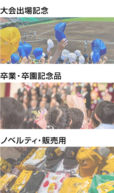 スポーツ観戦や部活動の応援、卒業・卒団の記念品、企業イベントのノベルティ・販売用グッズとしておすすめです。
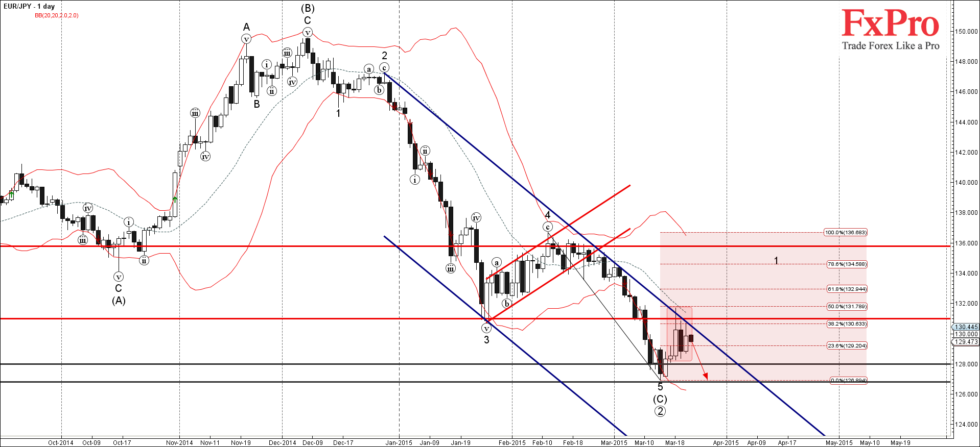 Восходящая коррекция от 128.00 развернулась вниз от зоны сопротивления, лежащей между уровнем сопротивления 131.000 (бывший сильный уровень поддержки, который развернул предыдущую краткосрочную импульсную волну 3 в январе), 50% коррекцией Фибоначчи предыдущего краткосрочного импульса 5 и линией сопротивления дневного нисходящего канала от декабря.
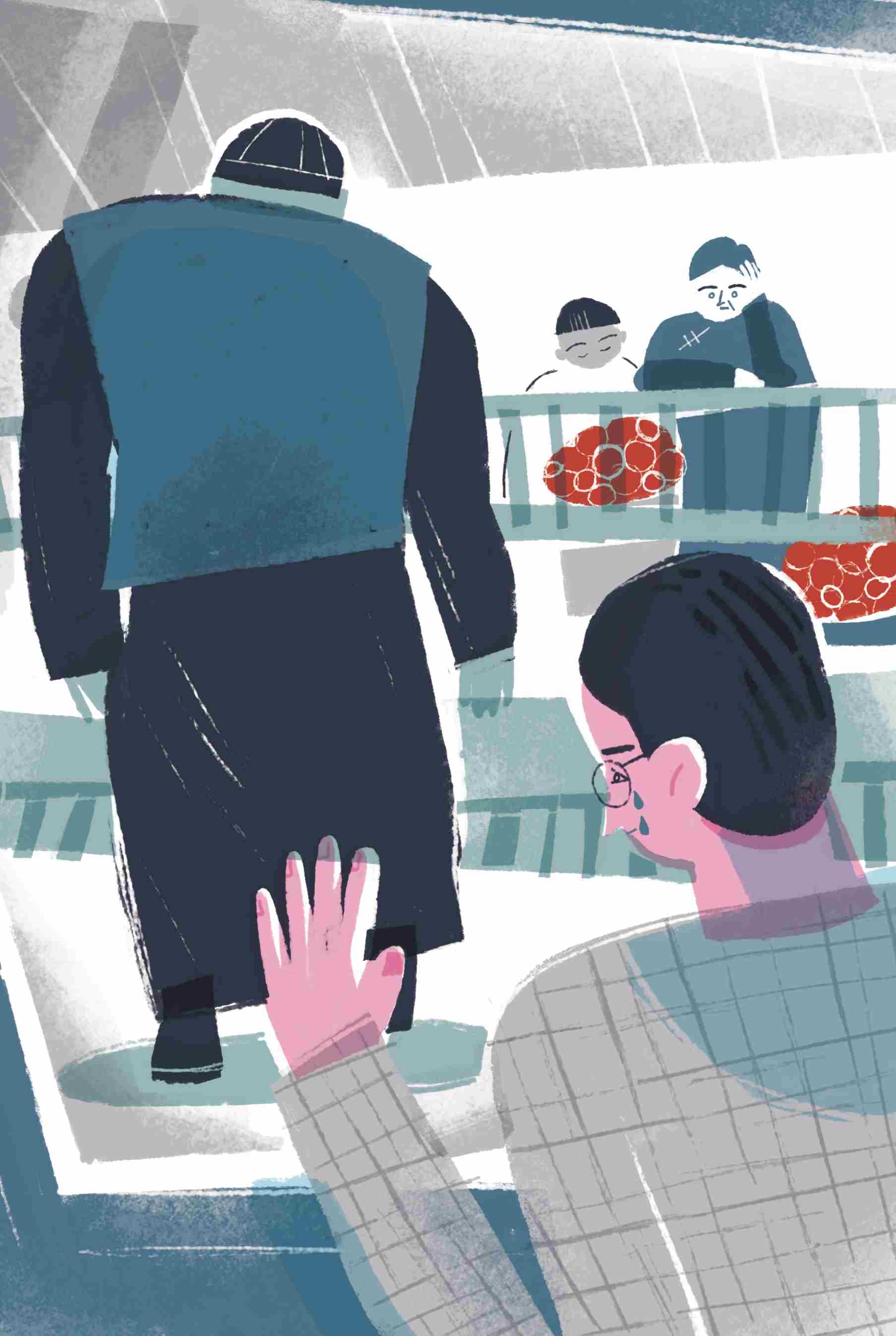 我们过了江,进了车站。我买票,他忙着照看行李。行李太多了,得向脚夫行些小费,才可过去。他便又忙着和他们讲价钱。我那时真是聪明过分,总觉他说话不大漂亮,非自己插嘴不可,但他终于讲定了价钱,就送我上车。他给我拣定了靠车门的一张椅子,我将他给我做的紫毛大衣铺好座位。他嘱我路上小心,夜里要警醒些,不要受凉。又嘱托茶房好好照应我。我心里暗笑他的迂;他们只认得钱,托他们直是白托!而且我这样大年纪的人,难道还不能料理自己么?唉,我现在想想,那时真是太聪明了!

****************

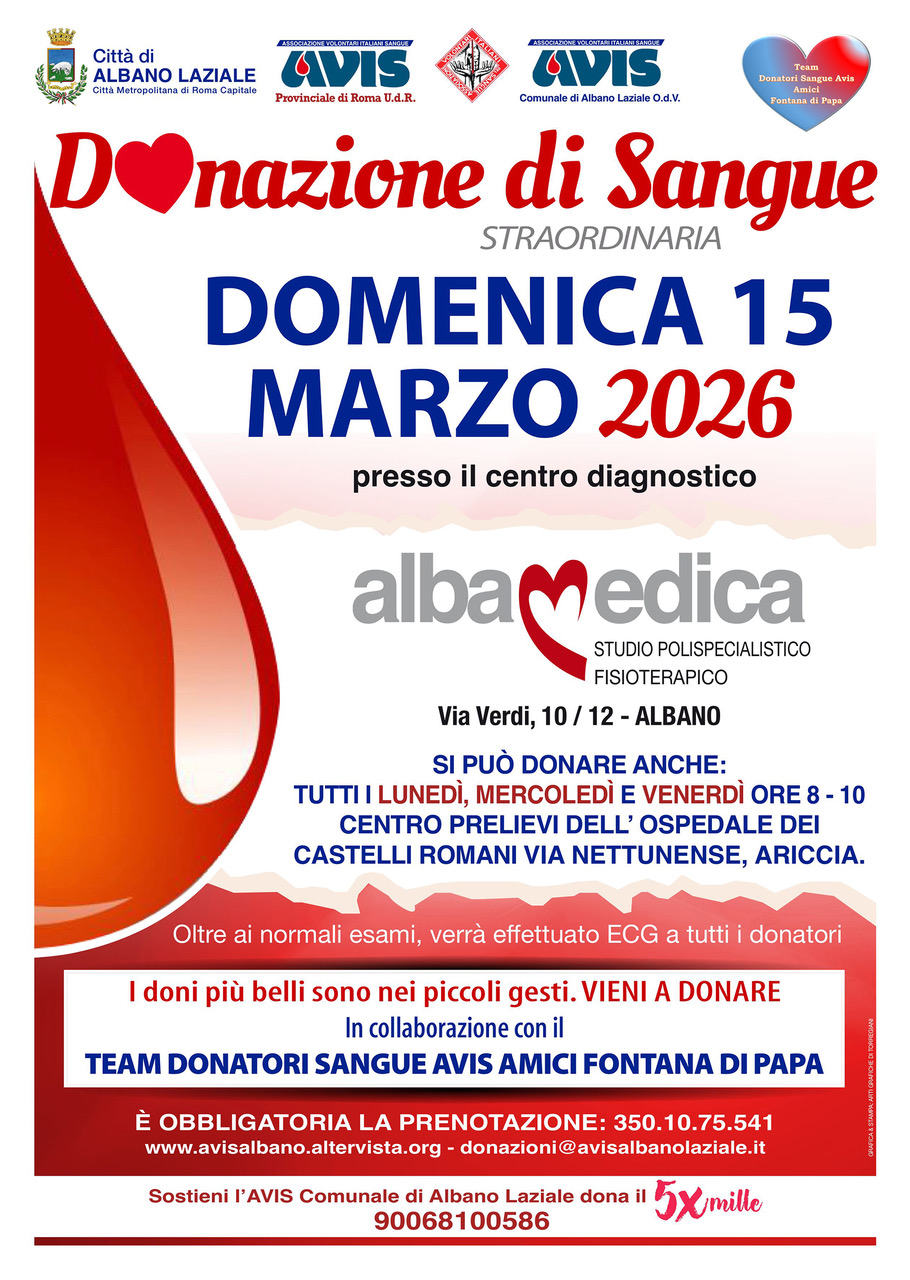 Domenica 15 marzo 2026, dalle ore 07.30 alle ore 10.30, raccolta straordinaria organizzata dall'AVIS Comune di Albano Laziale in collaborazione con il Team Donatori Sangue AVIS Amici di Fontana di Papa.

****************

Work to be completed = Look through the listing above for the line with "スポーツ観戦や部活動の応援、" and the line with "Восходящая коррекция от". Write out exactly those lines and everything between, leaving out pictures.

Result of the task =
 スポーツ観戦や部活動の応援、卒業・卒団の記念品、企業イベントのノベルティ・販売用グッズとしておすすめです。
 Восходящая коррекция от 128.00 развернулась вниз от зоны сопротивления, лежащей между уровнем сопротивления 131.000 (бывший сильный уровень поддержки, который развернул предыдущую краткосрочную импульсную волну 3 в январе), 50% коррекцией Фибоначчи предыдущего краткосрочного импульса 5 и линией сопротивления дневного нисходящего канала от декабря.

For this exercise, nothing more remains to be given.